RECORDS FOR THE TASK:
*** Block opens ***

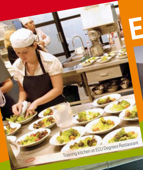
Training kitchen at ECU Degrees Restaurant.
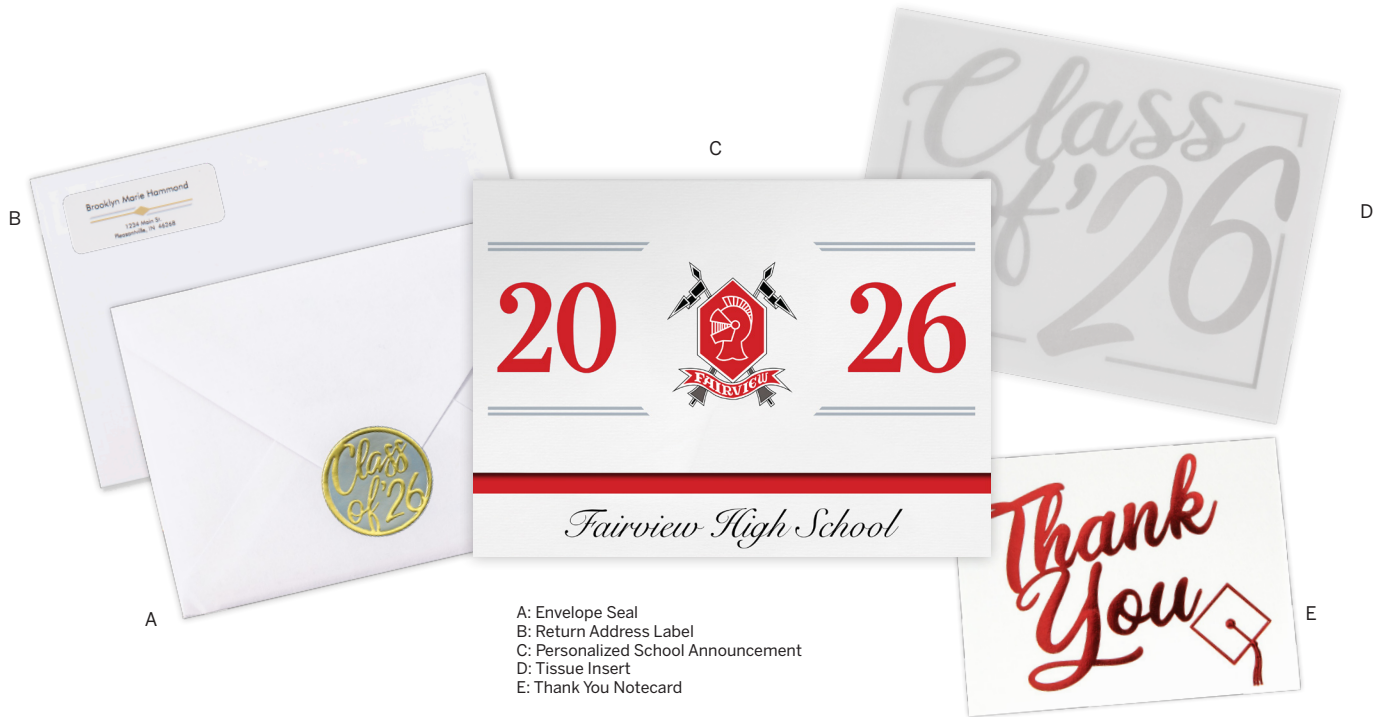
A: Envelope Seal B: Return Address Label C: Personalized School Announcement D: Tissue Insert E: Thank You Notecard
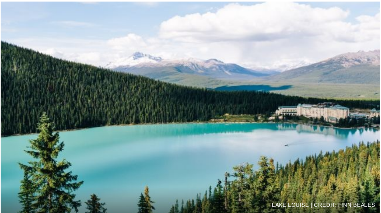
LAKE LOUISE

Overnight in Lake Louise at The Fairmont Chateau Lake Louise
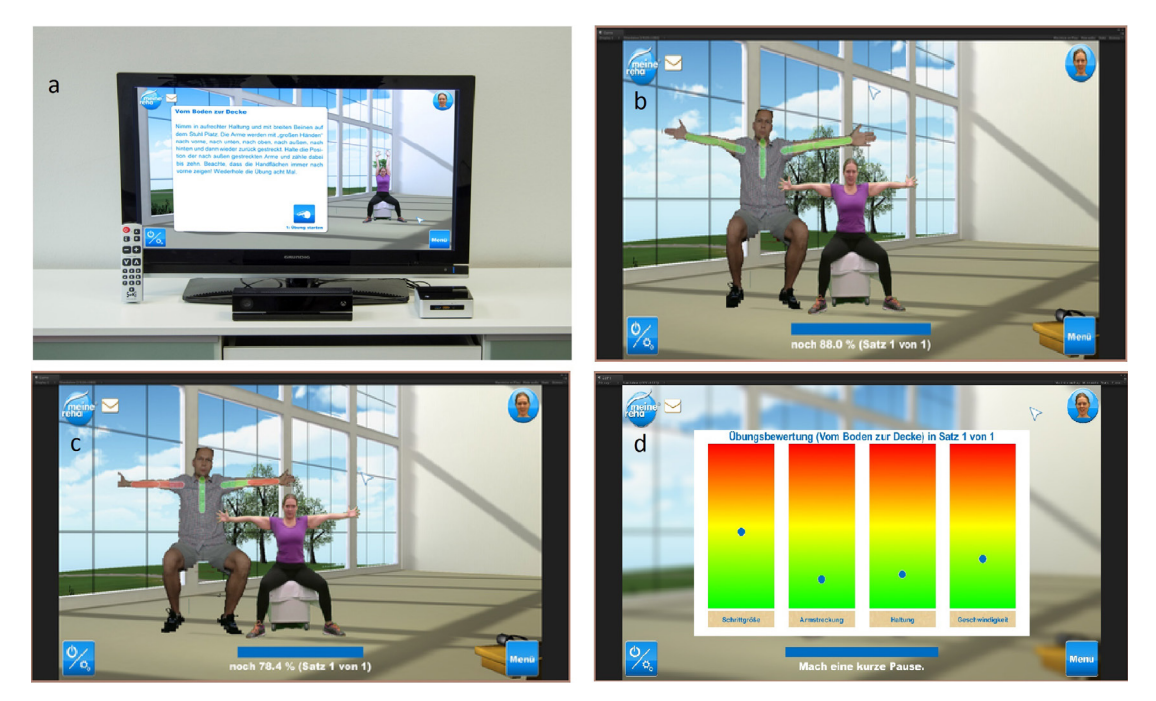
Figure 1. a: shows the hardware components including the Kinect-box and the TV-screen showing the avatar of the therapist and the instructions for the patients; b: shows the therapist and the patient as avatars with positive (green) feedback; c: negative feedback (red); d: feedback screen after each exercise to size of steps, amplitude of arm movement, position and speed.

Thirty-four patients with PD were included in the study. The following inclusion criteria were applied: diagnosis of idiopathic Parkinson's disease with mild to moderate symptoms (Hoehn & Yahr I-III), no restrictive cardiovascular

*** Block closes ***

WHAT YOU WILL DO: Each line of the listing that contains the word "patients" must be counted. Give only the resulting figure.

RESPONSE TO THIS EXERCISE: 2